Обычные суеверия - Борисова Виктория Александровна
Шрифт:
Интервал:
Закладка:
Так и текла его жизнь медленно и ровно до тридцати пяти лет. К этому возрасту Сергей Петрович превратился в закоренелого старого холостяка, был застенчив, близорук, неловок, обществом других людей тяготился, никаких перемен для себя не ждал. И вдруг…

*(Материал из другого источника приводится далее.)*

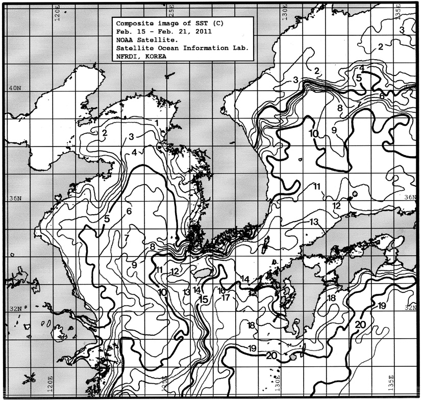 o 금주(2011.02.15~2011.02.21)의 한국근해 표면수온은 대화퇴 근해 5~7도, 울릉도 근해 10~11도, 대마도 근해 12~14도, 제주도 근해 12~14도, 이어도 근해 8~10도, 가거초 근해 10~11도, 어청도 근해 3~4도로 나타납니다. o「평년에 비해」대화퇴 근해 0.8도 낮게, 울릉도 근해 비슷하게, 대마도 근해 1.6도 낮게, 제주도 근해 1.5도 낮게, 이어도 근해 0.6도 낮게, 가거초 근해 0.7도 높게, 어청도 근해는 1.8도 낮게 나타납니다. o「전년에 비해」대화퇴 근해 2.5도 낮게, 울릉도 근해 0.5도 높게, 대마도 근해 2.0도 낮게, 제주도 근해 1.5도 낮게, 이어도 근해 0.5도 낮게, 가거초 근해 1.0도 낮게, 어청도 근해는 2.0도 낮게 나타납니다. o 수온 전선대는 우리나라 제주해협에서 대한해협까지 12도를 중심으로 형성됩니다.
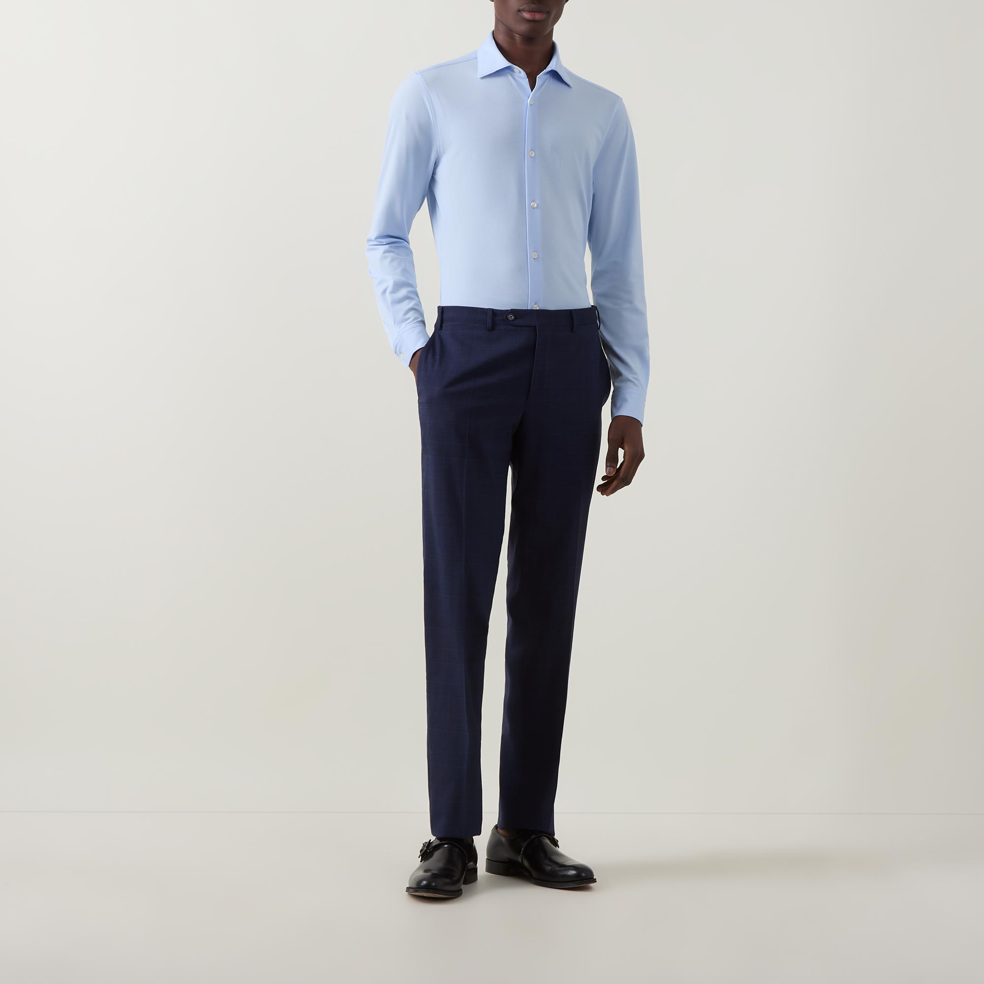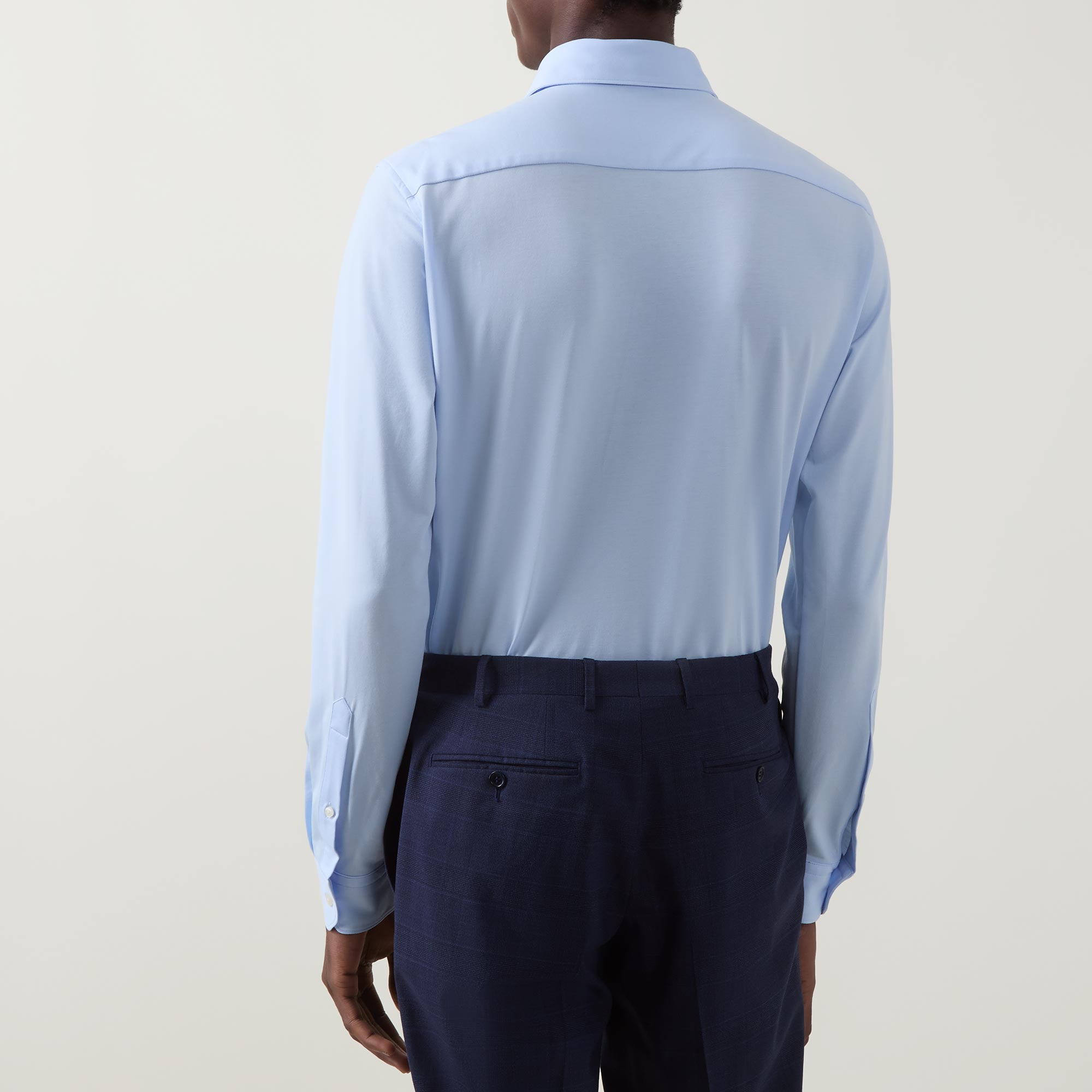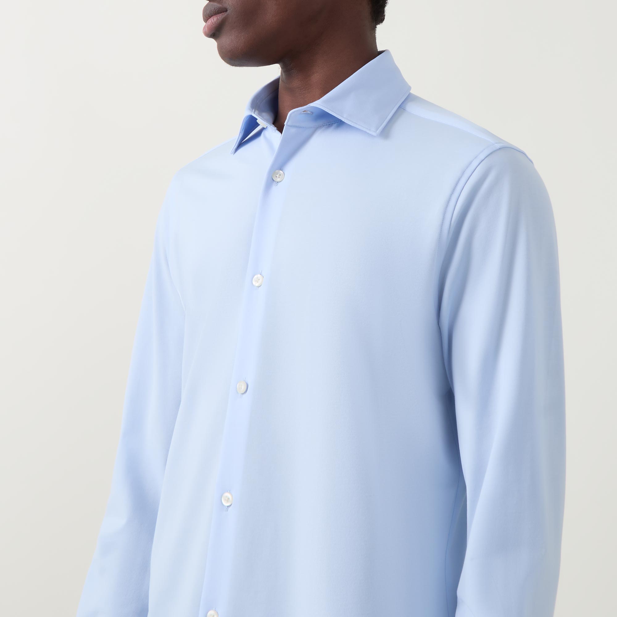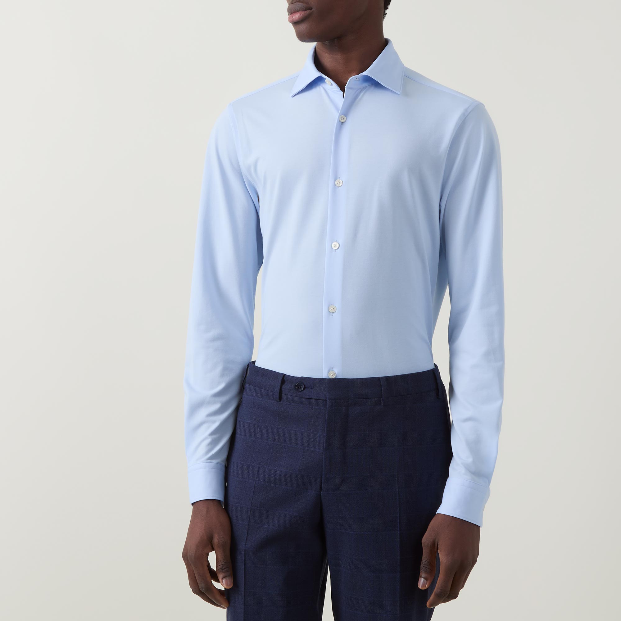 - Kent collar, long sleeves, buttoned cuffs, front button placket, curved hem, tonal stitching, soft jersey finish

Любовь, конечно, всегда приходит неожиданно, но как могла болезненная задумчивая некрасивая девушка разбудить подобные чувства — непонятно. Ира работала в каком-то машбюро, любила поэзию и природу и к своим двадцати семи годам утратила всякую надежду выйти замуж. Сергей Петрович тогда сильно активизировал ювелирную деятельность — денег стало требоваться больше, смотрел на Иру преданными собачьими глазами, старался угадывать все ее желания и чувствовал себя так, будто получил прекрасный и незаслуженный подарок. И уж совсем невозможное счастье принес тот день, когда Ира, смущенно улыбаясь, сообщила, что беременна.
Володька родился здоровым, крепким и крикливым. Увидев его впервые, Сергей Петрович понял, что никого и ничего ближе и дороже этого комочка, завернутого в голубое одеяльце, у него нет. Даже Ира, по-прежнему любимая, как-то отошла на второй план. После родов она долго болела, и Сергей Петрович стал и отцом, и матерью для своего сына. Сам купал, кормил, укладывал спать.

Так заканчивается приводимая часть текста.